De nos jours, quand l’Eglise Orthodoxe Russe a, finalement, obtenu la possibilité de vivre une existence sans entrave et poursuivre sa mission salvatrice et que des millions de personnes s’adresse à elle à la recherche de leur nourriture spirituelle, le problème des pasteurs forts et pieux, capables de guider les fidèles sur la juste voie spirituelle, se fait particulièrement sentir. Nous rendons grâce à Dieu pour son infinie bonté à l’égard des fidèles et nous Le prions pour qu’Il nous fasse le don – comme dans le passé – d’une moisson immense de personnes qui correspondent parfaitement à la figure que Filaret (Amfiteatrov) citait comme « les Pères spirituels qui attirent non vers eux mais vers Dieu ».
Pour conclure, je voudrais exprimer la certitude que notre Congrès, au-delà de son caractère profondément religieux, possède une signification très actuelle et pratique.

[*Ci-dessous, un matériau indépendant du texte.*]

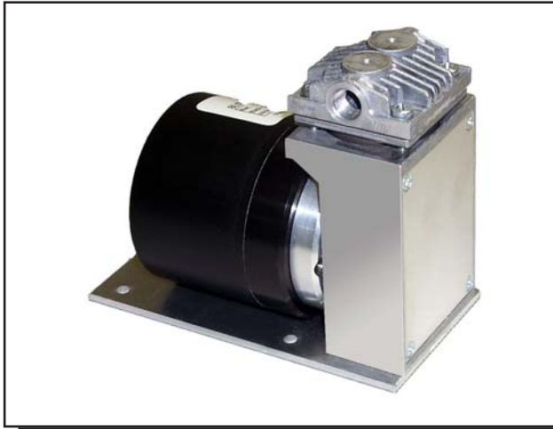
UNPK09 pump shown with optional BLDC motor

Je pense que le fait de nous adresser à l’expérience enrichissante de la Paternité Orthodoxe peut, sans le moindre doute, aider beaucoup de chrétiens de notre époque, qui se trouvent au carrefour de la vie et sont soumis à toutes sortes de tentations et de doutes et leur permettre de trouver encore l’espoir sur leur chemin spirituel.
De tout cœur, je souhaite aux organisateurs et aux participants de cette Conférence de recevoir le soutien généreux de Dieu dans leur vie personnelle.